** LISTED ENTRIES follows **

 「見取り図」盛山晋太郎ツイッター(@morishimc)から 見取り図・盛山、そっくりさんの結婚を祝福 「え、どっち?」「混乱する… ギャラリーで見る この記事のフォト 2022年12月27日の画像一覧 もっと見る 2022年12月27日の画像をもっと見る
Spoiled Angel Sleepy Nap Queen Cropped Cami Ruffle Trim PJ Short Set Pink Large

** End of LISTED ENTRIES **
** LISTED ENTRIES follows **

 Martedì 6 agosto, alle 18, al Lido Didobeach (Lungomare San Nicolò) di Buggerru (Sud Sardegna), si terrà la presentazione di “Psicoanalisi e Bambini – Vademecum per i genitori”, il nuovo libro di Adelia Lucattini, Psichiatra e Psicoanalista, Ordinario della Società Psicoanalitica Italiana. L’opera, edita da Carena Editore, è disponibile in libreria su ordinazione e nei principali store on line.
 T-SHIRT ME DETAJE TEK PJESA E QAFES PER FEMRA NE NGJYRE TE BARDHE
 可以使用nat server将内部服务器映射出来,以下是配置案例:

** End of LISTED ENTRIES **
** LISTED ENTRIES follows **

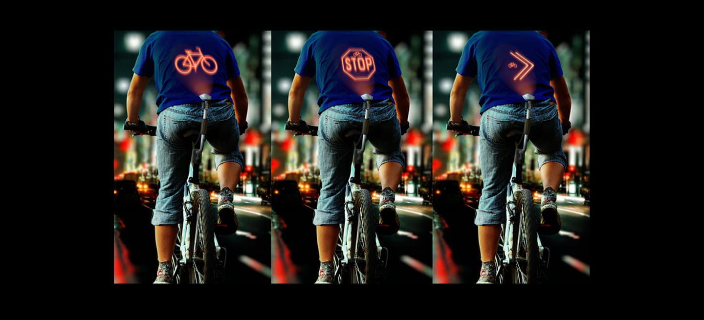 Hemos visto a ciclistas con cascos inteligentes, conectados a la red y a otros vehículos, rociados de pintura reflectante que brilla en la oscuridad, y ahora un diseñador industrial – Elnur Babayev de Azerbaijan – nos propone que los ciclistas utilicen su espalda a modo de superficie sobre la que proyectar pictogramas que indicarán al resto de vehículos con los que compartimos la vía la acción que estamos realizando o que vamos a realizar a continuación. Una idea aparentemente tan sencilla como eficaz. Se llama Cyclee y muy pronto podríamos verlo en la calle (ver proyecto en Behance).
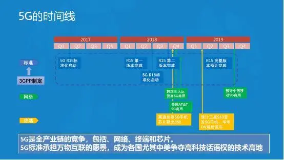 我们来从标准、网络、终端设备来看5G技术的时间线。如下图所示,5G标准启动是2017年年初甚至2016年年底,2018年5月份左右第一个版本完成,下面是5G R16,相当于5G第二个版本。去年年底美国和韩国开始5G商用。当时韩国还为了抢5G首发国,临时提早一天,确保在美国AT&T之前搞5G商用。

** End of LISTED ENTRIES **

The response must hold only the lines above from the line with "2022年12月27日の画像一覧 もっと見る 2022年12月27日の画像をもっと見る" through the line with "Spoiled Angel Sleepy", each copied exactly, both ends kept.

→ RESPONSE BOX
 「見取り図」盛山晋太郎ツイッター(@morishimc)から 見取り図・盛山、そっくりさんの結婚を祝福 「え、どっち?」「混乱する… ギャラリーで見る この記事のフォト 2022年12月27日の画像一覧 もっと見る 2022年12月27日の画像をもっと見る
Spoiled Angel Sleepy Nap Queen Cropped Cami Ruffle Trim PJ Short Set Pink Large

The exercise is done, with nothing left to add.